I'm using AWS CLI's s3 sync command and it does the job, but takes a lot of time. I would like to reduce the time so that the dependent system downtime is minimal.

I was trying to run the sync both from my local machine and from EC2 c4.xlarge instance and there isn't much difference in time taken.

I have noticed that the time taken can be somewhat reduced when I split the job in multiple batches using --exclude and --include options and run them in parallel from separate terminal windows, i.e.

aws s3 sync s3://source-bucket s3://destination-bucket --exclude "*" --include "1?/*" 
aws s3 sync s3://source-bucket s3://destination-bucket --exclude "*" --include "2?/*" 
aws s3 sync s3://source-bucket s3://destination-bucket --exclude "*" --include "3?/*" 
aws s3 sync s3://source-bucket s3://destination-bucket --exclude "*" --include "4?/*" 
aws s3 sync s3://source-bucket s3://destination-bucket --exclude "1?/*" --exclude "2?/*" --exclude "3?/*" --exclude "4?/*"

Is there anything else I can do speed up the sync even more? Is another type of EC2 instance more suitable for the job? Is splitting the job into multiple batches a good idea and is there something like 'optimal' number of sync processes that can run in parallel on the same bucket?

Update

I'm leaning towards the strategy of syncing the buckets before taking the system down, do the migration, and then sync the buckets again to copy only the small number of files that changed in the meantime. However running the same sync command even on buckets with no differences takes a lot of time.

mrt
  • 1,669
  • 3
  • 22
  • 32
  • 500gig of data is going to take a long while to copy, no matter what you do. Disks only have so much bandwidth available. – Marc B Aug 25 '16 at 15:27
  • @MarcB true. Forgot to mention that the migration strategy I lean towards is to sync the buckets before taking the system down. Do the switch and then run sync again to only copy minimal amount of files that changed in the meantime.

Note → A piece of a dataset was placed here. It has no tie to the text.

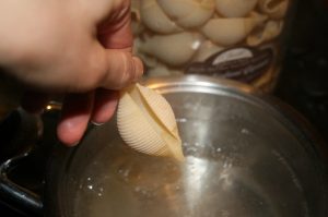 Große Muscheln werden in kochendes Salzwasser gegeben und gekocht gemäß den Anweisungen auf der Verpackung. Auf einem großen, geschlitzten Löffel verteilen Platte, um nicht aneinander zu kleben und zu kühlen. Eier kochen hart gekocht und sauber.

It looks like the `sync` command takes a lot of time even just to check if the files changed - even if no copying files is actually required. – mrt Aug 25 '16 at 15:31
  • 1
    just how many files are there in this 500gig? even just comparing timestamps would be slow, since it basically calls for a `stat()` operation on every single file. no idea what syncing actually does in the background, but if the backend systems compare physical bytes (in case timestamps didn't change), or hashing the files and comparing hashes, you're STILL reading 2x500gig of data to get those bytes/hashes. – Marc B Aug 25 '16 at 15:32
  • Did you try enabling the accelerated transfer on the buckets? – Piyush Patil Aug 25 '16 at 15:49
  • @error2007s have a look at my update. The operation takes long even if no file transfer is made. – mrt Aug 25 '16 at 16:04
  • Yes I checked that did you try enabling the accelerated transfer and then try the sync/ – Piyush Patil Aug 25 '16 at 16:15
  • @error2007s quickly looking at this page http://docs.aws.amazon.com/AmazonS3/latest/dev/transfer-acceleration.html it seems to serve a different purpose - client to S3 transfer. My scenario involves an internal sync between buckets (both located in the same AWS region) – mrt Aug 25 '16 at 16:41
  • It is not just for Client to S3 it can be used for in your case too. Do one thing enable s3 accelerated transfer on both buckets and then try the sync command and see if it speeds up the process. – Piyush Patil Aug 25 '16 at 16:47
  • @error2007s I appreciate your suggestion, but what are you basing it on? – mrt Aug 25 '16 at 16:52
  • How many objects do you have in the bucket? The CLI needs to list all of them 1000 at a time, meaning there is a request for every 1000 objects in each bucket. Then it needs to compare those. You can speed up transfer by making sure your instance is in the same region as your buckets and that you use an instance with high bandwidth. – Jordon Phillips Aug 25 '16 at 17:46
  • To give an example, I'm syncing 400k objects which are each 4kb in size. All files are being synced, both buckets and the instance (m3.xlarge) are in the same region. This takes around 51 minutes, and that's only around 1.5GB of data. Sync will spin up multiple threads, so running additional syncs likely won't yield any benefit. `c4.xlarge` is probably the best instance for the task. Using transfer acceleration will help a lot if your buckets are in different regions. – Jordon Phillips Aug 25 '16 at 17:58
  • @JordonPhillips `aws s3 sync` bucket to bucket should be using the put+copy API, which allows objects to be copied from bucket to bucket using S3's internal private network -- whether in the same region or different -- not the same as download+upload. – Michael - sqlbot Aug 25 '16 at 18:55
  • That's true, but there's still the transfer rate of your `ListObjects` requests to take into account. The response for 1000 can be around half a megabyte. That's 200MB for my example above. So transfers of large numbers of files, you'll still save good time by being in the same region. – Jordon Phillips Aug 25 '16 at 19:29
  • @mrt Since you've already been able to split up the sync with filters you could simply run each in a separate instance and then tear down the extras after. – Jordon Phillips Aug 25 '16 at 19:34

8 Answers8

21

You can use EMR and S3-distcp. I had to sync 153 TB between two buckets and this took about 9 days. Also make sure the buckets are in the same region because you also get hit with data transfer costs.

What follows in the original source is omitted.